→ **What is required**:
Pictures aside, the data must be reproduced exactly.

→ **Provided data**:

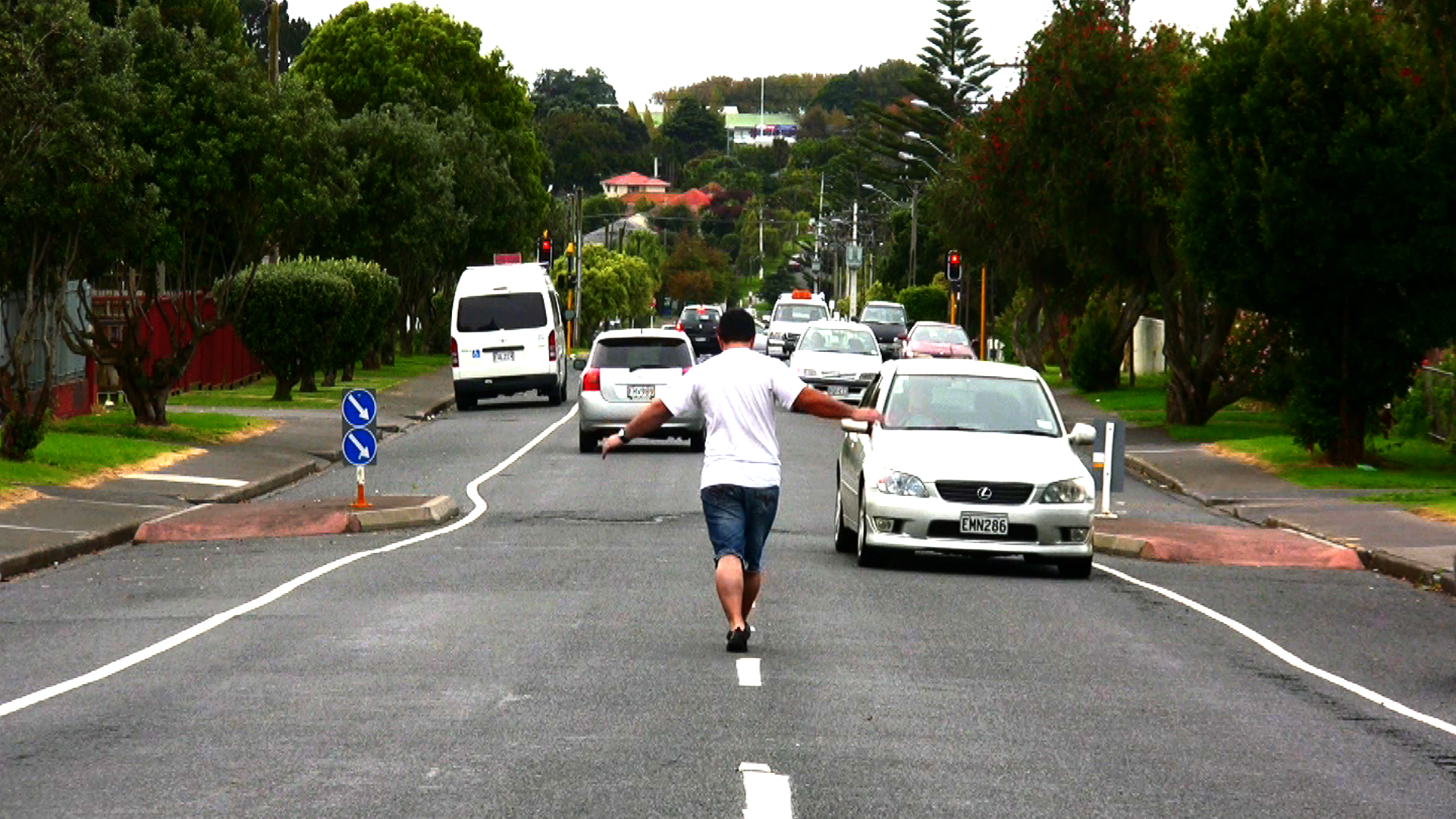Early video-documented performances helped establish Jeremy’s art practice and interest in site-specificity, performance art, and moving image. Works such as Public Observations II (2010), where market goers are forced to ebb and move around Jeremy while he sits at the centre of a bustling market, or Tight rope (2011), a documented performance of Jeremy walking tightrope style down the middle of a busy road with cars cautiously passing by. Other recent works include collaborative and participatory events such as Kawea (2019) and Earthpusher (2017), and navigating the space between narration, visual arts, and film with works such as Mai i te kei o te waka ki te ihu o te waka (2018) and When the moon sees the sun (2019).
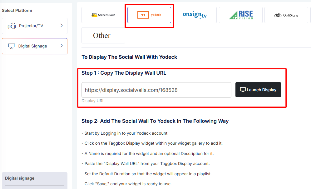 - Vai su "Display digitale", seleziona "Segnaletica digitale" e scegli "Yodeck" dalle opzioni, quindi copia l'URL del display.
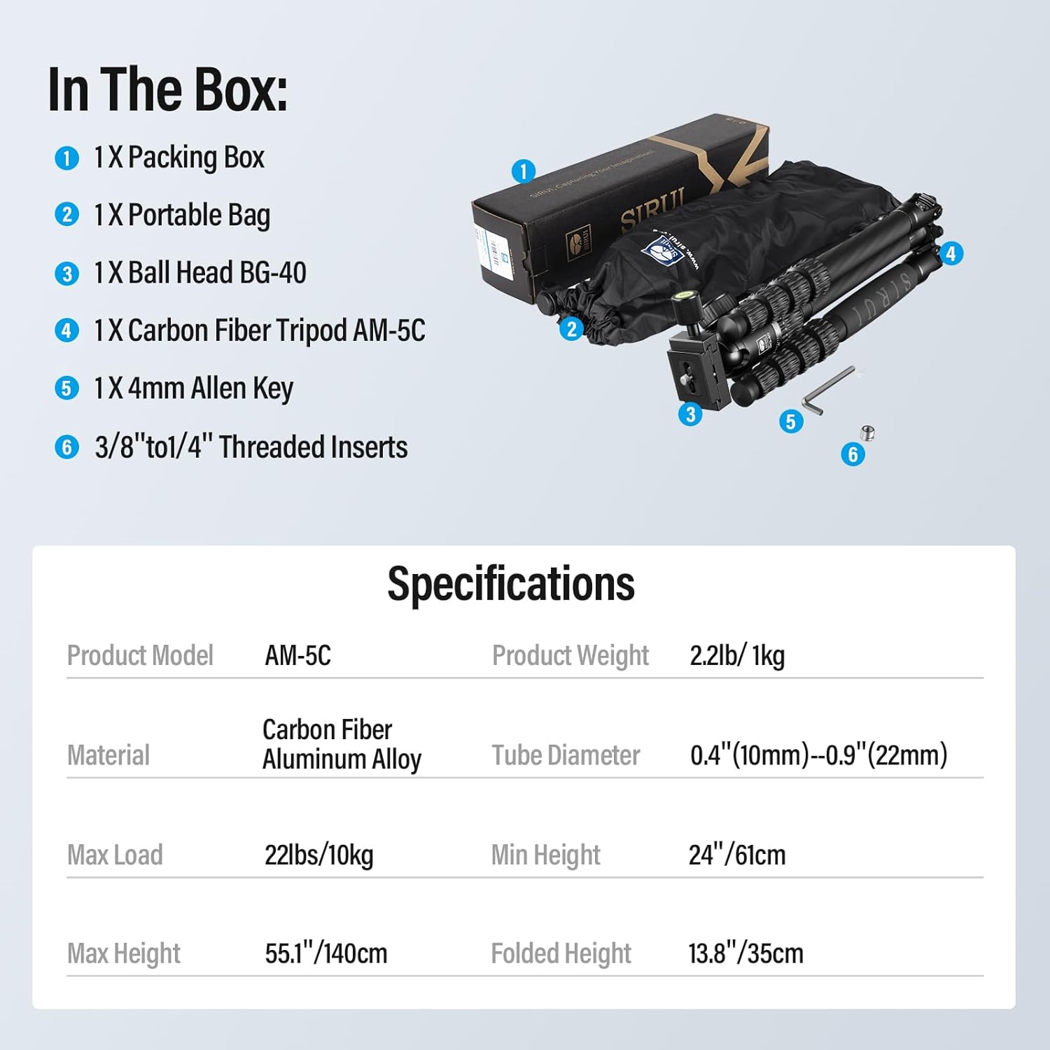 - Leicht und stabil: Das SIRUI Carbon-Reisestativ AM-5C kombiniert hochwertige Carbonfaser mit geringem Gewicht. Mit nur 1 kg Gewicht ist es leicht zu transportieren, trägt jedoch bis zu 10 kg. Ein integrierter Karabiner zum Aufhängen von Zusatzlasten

→ **Answer for this exercise**:
Early video-documented performances helped establish Jeremy’s art practice and interest in site-specificity, performance art, and moving image. Works such as Public Observations II (2010), where market goers are forced to ebb and move around Jeremy while he sits at the centre of a bustling market, or Tight rope (2011), a documented performance of Jeremy walking tightrope style down the middle of a busy road with cars cautiously passing by. Other recent works include collaborative and participatory events such as Kawea (2019) and Earthpusher (2017), and navigating the space between narration, visual arts, and film with works such as Mai i te kei o te waka ki te ihu o te waka (2018) and When the moon sees the sun (2019).
 - Vai su "Display digitale", seleziona "Segnaletica digitale" e scegli "Yodeck" dalle opzioni, quindi copia l'URL del display.
 - Leicht und stabil: Das SIRUI Carbon-Reisestativ AM-5C kombiniert hochwertige Carbonfaser mit geringem Gewicht. Mit nur 1 kg Gewicht ist es leicht zu transportieren, trägt jedoch bis zu 10 kg. Ein integrierter Karabiner zum Aufhängen von Zusatzlasten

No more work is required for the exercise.